Tuesday, April 8, 2014

Armchair Traveller - I'll take you there

Winter, they tell us, is on the way out. Summer campsites are booked, old house touring plans are forming up. My winter of unbridled reading has resulted in three read, five new titles added.

One very great pleasure of reading is arm-chair travelling, and this book which I picked up for two dollars at our library used (read discarded) book store was just the ticket.

The book is called Buildings: A Traveller's Guide. It was written by architecture prof Richard Reid and published by Michael Joseph Limited of London (1980). I have tried everything to contact the writer or the publisher to get permission for what I am about to tell you (but even without permission they cannot question my motives - which are to get all of you to run to your favourite used bookseller and pick up this book!)

Buildings features text and illustrations about 3500 historic buildings, organized by country, region and architectural tradition. It's recommended for the traveller, though at almost 500 pages it might be a bit heavy. But what a great resource for planning, and for background information.

Let me tell you what happened when I delved into this book. I went through what I will call the Armchair Traveller's four stages of acceptance.

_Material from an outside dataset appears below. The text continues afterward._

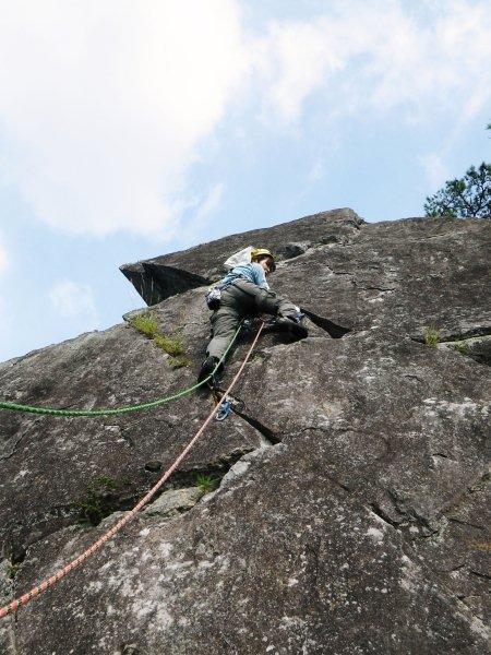 次はおいらのリード、ナイフリッジを軽快(暑い)に越えて高度を上げて行く、ビレイ中は上島さん(^_^)v

First stage - Consternation. "Oh, no, there aren't enough years (or dollars) for me to see all of these places. And I must, I simply must!"

Second stage - Consolation. "Oh well, there are loads of ways for me to enjoy these places - outstanding documentaries and DVD's, books, websites, courses.
me at the Forum, Pompeii

Third stage - celebration. " Well, we have been to a goodly number of these astonishing places". My bookshelves are filled with tourist guides and souvenir volumes from dozens of spots in England
Europe and North America. Time to have another look.

Fourth - Determination. Make a plan to cross places off the must see list. "We will go to Rome. We will spend a week immersed in the incredible complexity of this ancient city and its buildings from the Roman era to the present."

Denis has been there, and he is determined that we will get those tickets in the next year or two.

The Bridge of Sighs, Venice
This is silly but I have to say it. Sorry Richard Reid. Something about the exquisite black and white drawings takes me back to those activity and sticker books of our childhood. Something makes me want to hand-colour the drawings of places I have seen, or find the corresponding colourful sticker to place on its outline. And that makes me want to post a few more photos and copy a few more of these incredible pencil renderings of the world of architecture.

St. Anthony Padua

Santa Maria del Fiore, Florence

And to emulate my lovely blogger friend Katherine, I have provided you with a link to a song.  I loved singing this when I spent a year with Georgette Fry's 'Shout Sister' choir. It's called I'll Take You There. And Mavis will.